--- Information shown ---
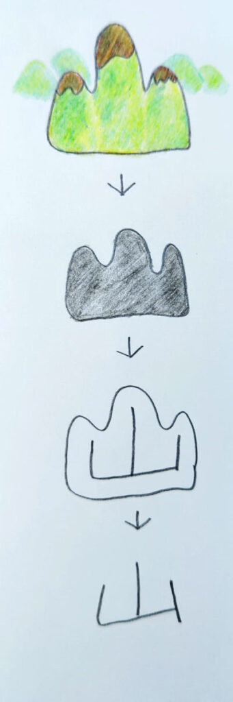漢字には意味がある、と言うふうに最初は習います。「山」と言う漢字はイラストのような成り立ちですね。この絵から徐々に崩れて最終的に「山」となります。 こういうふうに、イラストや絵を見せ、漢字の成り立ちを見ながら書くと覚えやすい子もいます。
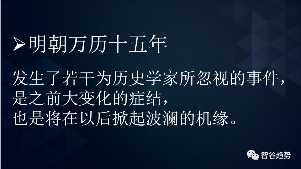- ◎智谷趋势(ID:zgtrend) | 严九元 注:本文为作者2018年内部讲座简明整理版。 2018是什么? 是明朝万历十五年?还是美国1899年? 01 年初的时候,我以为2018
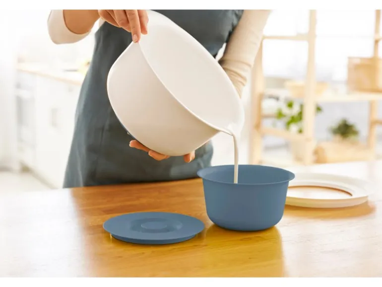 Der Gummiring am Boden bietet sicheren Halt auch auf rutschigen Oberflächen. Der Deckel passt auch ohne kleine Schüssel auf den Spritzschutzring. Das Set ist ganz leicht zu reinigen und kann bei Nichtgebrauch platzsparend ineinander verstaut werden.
---
Assignment:
Return the listing unchanged, but drop every picture.

Task result:
漢字には意味がある、と言うふうに最初は習います。「山」と言う漢字はイラストのような成り立ちですね。この絵から徐々に崩れて最終的に「山」となります。 こういうふうに、イラストや絵を見せ、漢字の成り立ちを見ながら書くと覚えやすい子もいます。
- ◎智谷趋势(ID:zgtrend) | 严九元 注:本文为作者2018年内部讲座简明整理版。 2018是什么? 是明朝万历十五年?还是美国1899年? 01 年初的时候,我以为2018
 Der Gummiring am Boden bietet sicheren Halt auch auf rutschigen Oberflächen. Der Deckel passt auch ohne kleine Schüssel auf den Spritzschutzring. Das Set ist ganz leicht zu reinigen und kann bei Nichtgebrauch platzsparend ineinander verstaut werden.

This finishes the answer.